Gary sighed, rubbed his pants legs. ‘Oh, how quickly it all fell apart that week, Samuel. With no official news, no official word of what had happened, rumors spread… and, of course, one thing that made it worse was that nobody took credit for the attacks. There were the usual nut-jobs who did…but even today we don’t know who did it. We just know what they did…’
‘Rough times,’ I said.
‘Oh, yes, rough times indeed,’ he said. ‘Imagine you’re living in a small rural town… say, in upstate New York. Your phones don’t work, there’s no television and no internet, and what news you do get is spotty. Some sort of nuclear strike against the nation… that’s it. And the attending chaos. And you, in this small town, you think you can make it. It’ll be a struggle, but you and your neighbors, you and your small farms and businesses, you can make it by stretching things, by working hard, by muddling through.’
I rubbed my cold hands. ‘Then the refugees show up.’
‘Exactly,’ Gary said. ‘Thousands of people from the big city arrive… people who don’t know where milk comes from, where meat comes from, where almost everything else comes from. They just know they’re frightened, tired, hungry and thirsty. And there’s thousands of them, on all the roads leading away from the big cities… hell, even from some of the mid-size cities. And you, in this little town, you’re overwhelmed. You don’t know what to do. Instead of love thy neighbor, you quickly learn to ignore thy neighbor, move thy neighbor along to the other town, and, soon enough, hate thy neighbor. With cops outnumbered and the National Guard overseas, volunteer militias spring up all across the affected areas. And then the killings begin.’
I looked at this teacher under arrest. ‘You actually went out and taught that? All of that?’
‘Pretty stupid, huh?’ he asked.
‘Or pretty brave,’ I said. ‘Though teaching the truth has often got people into trouble, over the years.’
‘Ain’t that right.’ Gary drew his legs up and hugged his knees. ‘I’ve told you the truth as I saw it, as I taught it.

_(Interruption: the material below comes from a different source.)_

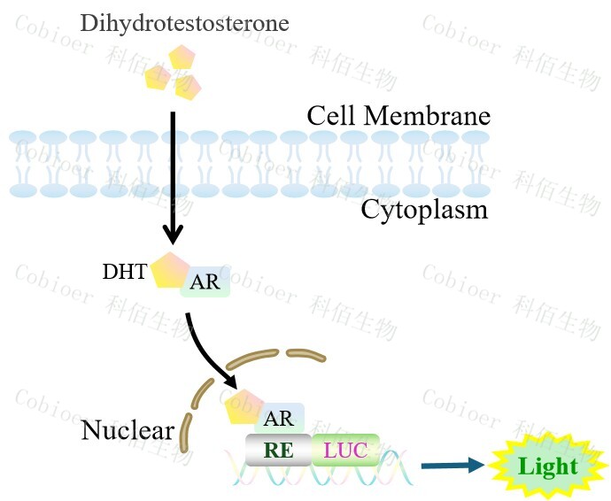 AR Reporter LNCAP Cell(DHT high sensitive)藥靶細(xì)胞,在由調(diào)控因子調(diào) 控并表達(dá)報(bào)告基因的重組細(xì)胞上,穩(wěn)定表達(dá)人 AR。雄激素的代謝產(chǎn)物 DHT(雙氫睪酮) 會(huì)與細(xì)胞上的 AR 結(jié)合,激活 AR 信號(hào)通路,原理見(jiàn)下圖所示。

Here’s the other side of the coin, from the patriotic folks who’ve put us in these charming accommodations. It’s not their fault that the bombs went off. It’s not their fault that big cities couldn’t protect their own. And it’s not their fault that they had to organize, reach for their own weapons, when no one else could help them. They had to protect their families and their neighbors, and as rough as what happened was, they did what they could…until the dreaded UN showed up.’
‘Hell of a thing, still, what happened here,’ I said.
The little Christmas lights in the school bus flickered once, tossing odd shadows around the interior. Gary said, ‘We have a tradition here in this fine little country of settling our disputes with firearms. You being from Canada, I’m sure you’re aware of that.’
‘True,’ I said. ‘It’s been said that in your country you conquered your West. In Canada, we negotiated. Hey, I’ve got a question.’
‘Go ahead.’
‘I saw something painted on the side of a trailer. Red Rules! Saw the same sign a couple of days ago, painted on the side of a house. What does that mean?’
Gary said, ‘You don’t know? Honestly?’
‘Honestly.’
His face looked mournful now. ‘Red rules. The motto of the ruling political class. The one overruling symbol of what happened after the bombings. Ready for another lecture, student?’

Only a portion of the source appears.